[llvm] [SLP]Initial support for non-power-of-2 (but still whole register) number of elements in operands. (PR #106449)

Alexey Bataev via llvm-commits llvm-commits at lists.llvm.org
Tue Sep 3 09:37:23 PDT 2024

alexey-bataev wrote:

> At a high level, why is this a profitable thing to do? The structure here assumes to be assuming (via getRegUsageForType) that all fixed vectors types are legalized by splitting to m1. This is not true.
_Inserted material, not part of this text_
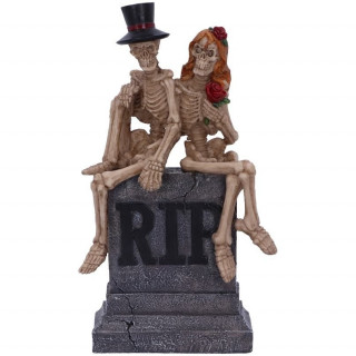 Cette figurine unique à l'effigie d'un couple de squelettes unis dans la mort vous évoquera vos rendez-vous galants au Père-Lachaise. Deux silhouettes se tiennent sur une stèle qui rappelle le granit. L'état de la sépulture à l'abandon ne suffit pas à effacer les trois lettres « RIP » : Rest In Peace : Repose En Paix. À gauche, tout porte à croire qu'il s'agit d'un homme. Le sommet de son crâne a été recouvert d'un chapeau haut de forme. À ses côtés, une femme tient une rose entre ses doigts décharnés. Le squelette chevelu arbore de beaux reflets roux et croise les jambes, dans une posture très féminine.

The actual lowering for your example here uses an m4 load. Why is it reasonable to cost as if we legal splitting when we're not?
> ```
> define i64 @test(ptr %p) {
> ; CHECK-LABEL: test:
> ; CHECK:       # %bb.0:
> ; CHECK-NEXT:    vsetivli zero, 6, e64, m4, ta, ma
> ; CHECK-NEXT:    vle64.v v8, (a0)
> ; CHECK-NEXT:    lui a0, %hi(.LCPI0_0)
> ; CHECK-NEXT:    addi a0, a0, %lo(.LCPI0_0)
> ; CHECK-NEXT:    vsetivli zero, 8, e64, m4, ta, ma
> ; CHECK-NEXT:    vle16.v v12, (a0)
> ; CHECK-NEXT:    vrgatherei16.vv v16, v8, v12
> ; CHECK-NEXT:    li a0, 42
> ; CHECK-NEXT:    vmul.vx v8, v16, a0
> ; CHECK-NEXT:    vmv.s.x v12, zero
> ; CHECK-NEXT:    vredsum.vs v8, v8, v12
> ; CHECK-NEXT:    vmv.x.s a0, v8
> ; CHECK-NEXT:    ret
>   %ld = load <6 x i64>, ptr %p, align 4
>   %shuffle = shufflevector <6 x i64> %ld, <6 x i64> poison, <8 x i32> <i32 0, i32 1, i32 2, i32 3, i32 4, i32 5, i32 0, i32 0>
>   %mul = mul <8 x i64> %shuffle, <i64 42, i64 42, i64 42, i64 42, i64 42, i64 42, i64 42, i64 42>
>   %sum = call i64 @llvm.vector.reduce.add.v8i64(<8 x i64> %mul)
>   ret i64 %sum
> }
> ```
> Unless you have a clear answer to the above, and I'm just missing something obvious, I think this change should be reverted.

Looks like it requires to use a new TTI entry instead of this one, since it does not work as expected for RISCV. I will add it.